[Provided entries]:
►
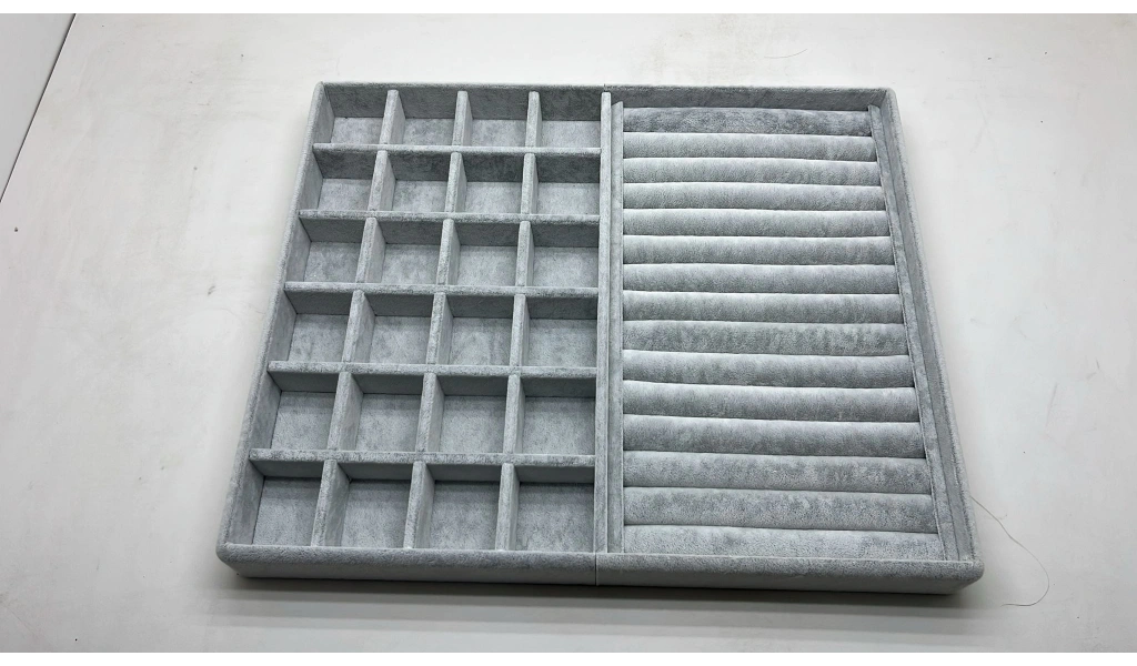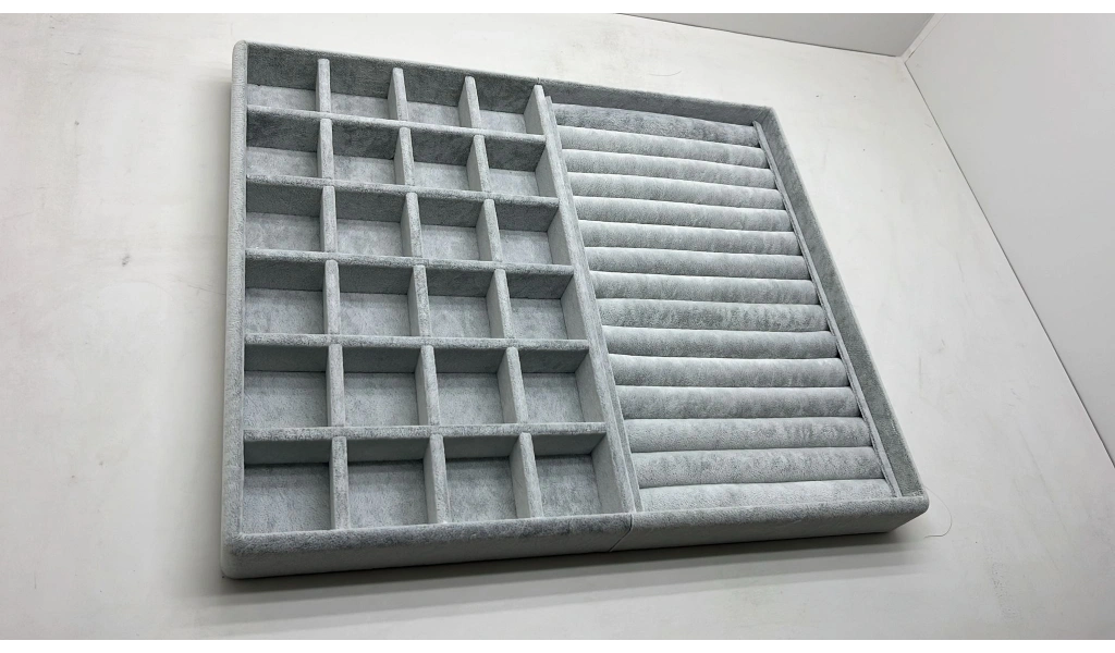 Özel sipariş Süet Kumaş 70/38 Cm Süet Kaplama Gri Renk Çekmece Içi Takı Düzenleyicisi
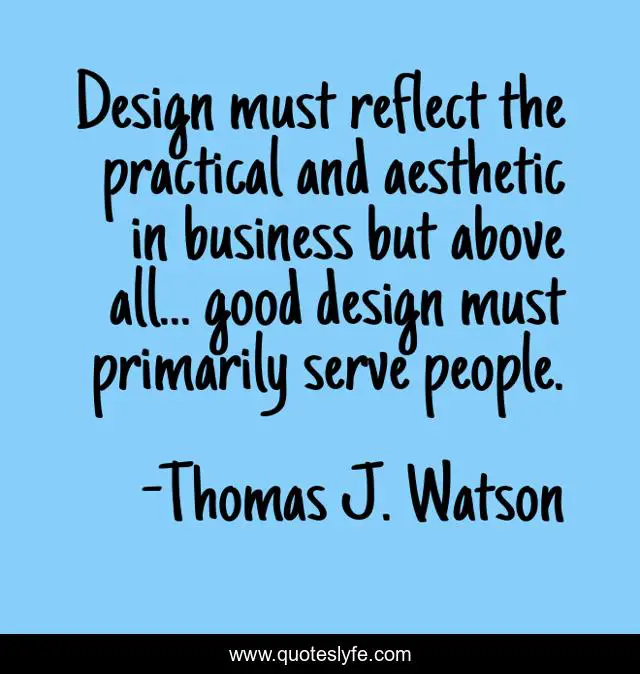 "Thomas J. Watson Quotes." Quoteslyfe.com, 2025. Fri. 05 Dec. 2025. <https://www.quoteslyfe.com/quote/Design-must-reflect-the-practical-and-aesthetic-281643>.
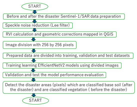 Process flow of the proposed flow is shown in Figure 2. To analyze the disaster, Sentinel-1 SAR data acquired before and after the event are first prepared. Speckle noise reduction is performed to enhance classification performance. Next, geometric correction is applied to align the data with topographic maps as the SAR imagery may be distorted due to radar shadowing, foreshortening, and layover. QGIS is used for disaster mapping during this process. The radar vegetation index (RVI) is calculated using Equation (1). The processed SAR data are then divided into 256 × 256-pixel patches to facilitate training, validation, and testing of the learning model, which is based on the EfficientNetV2 architecture. Once the model is trained, validated, and tested, its classification performance is evaluated.
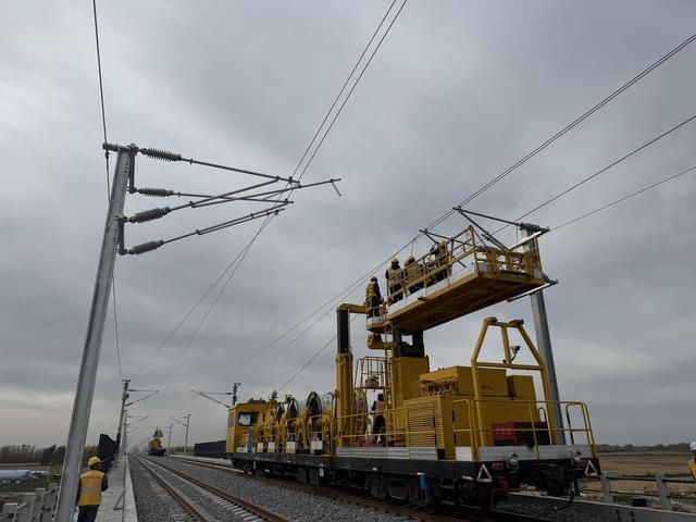 为攻克寒地施工难题,项目团队持续优化技术方案,打出“材料+设备+技术”组合拳:选用耐低温、抗腐蚀的特种接触线材料,搭配智能化监测设备实时追踪架设精度,确保每一道工序都严格符合规范标准。
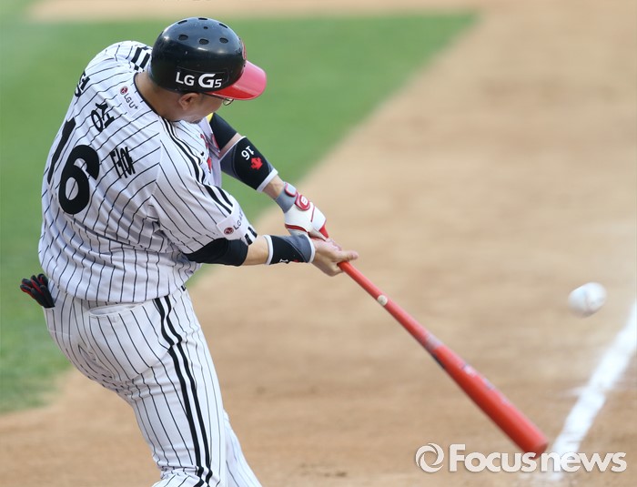 (서울=포커스뉴스) 22일 서울 잠실구장에서 열린 2016 프로야구 넥센-LG 경기 7회말 LG 대타 정성훈이 우전 안타를 날리고 있다.
◄
[What to produce]:
Every line from the one holding "Quoteslyfe.com, 2025. Fri." through the final line of the data above is to be reproduced exactly, both ends included, with the pictures left out.

[Solution for this task]:
 "Thomas J. Watson Quotes." Quoteslyfe.com, 2025. Fri. 05 Dec. 2025. <https://www.quoteslyfe.com/quote/Design-must-reflect-the-practical-and-aesthetic-281643>.
 Process flow of the proposed flow is shown in Figure 2. To analyze the disaster, Sentinel-1 SAR data acquired before and after the event are first prepared. Speckle noise reduction is performed to enhance classification performance. Next, geometric correction is applied to align the data with topographic maps as the SAR imagery may be distorted due to radar shadowing, foreshortening, and layover. QGIS is used for disaster mapping during this process. The radar vegetation index (RVI) is calculated using Equation (1). The processed SAR data are then divided into 256 × 256-pixel patches to facilitate training, validation, and testing of the learning model, which is based on the EfficientNetV2 architecture. Once the model is trained, validated, and tested, its classification performance is evaluated.
 为攻克寒地施工难题,项目团队持续优化技术方案,打出“材料+设备+技术”组合拳:选用耐低温、抗腐蚀的特种接触线材料,搭配智能化监测设备实时追踪架设精度,确保每一道工序都严格符合规范标准。
 (서울=포커스뉴스) 22일 서울 잠실구장에서 열린 2016 프로야구 넥센-LG 경기 7회말 LG 대타 정성훈이 우전 안타를 날리고 있다.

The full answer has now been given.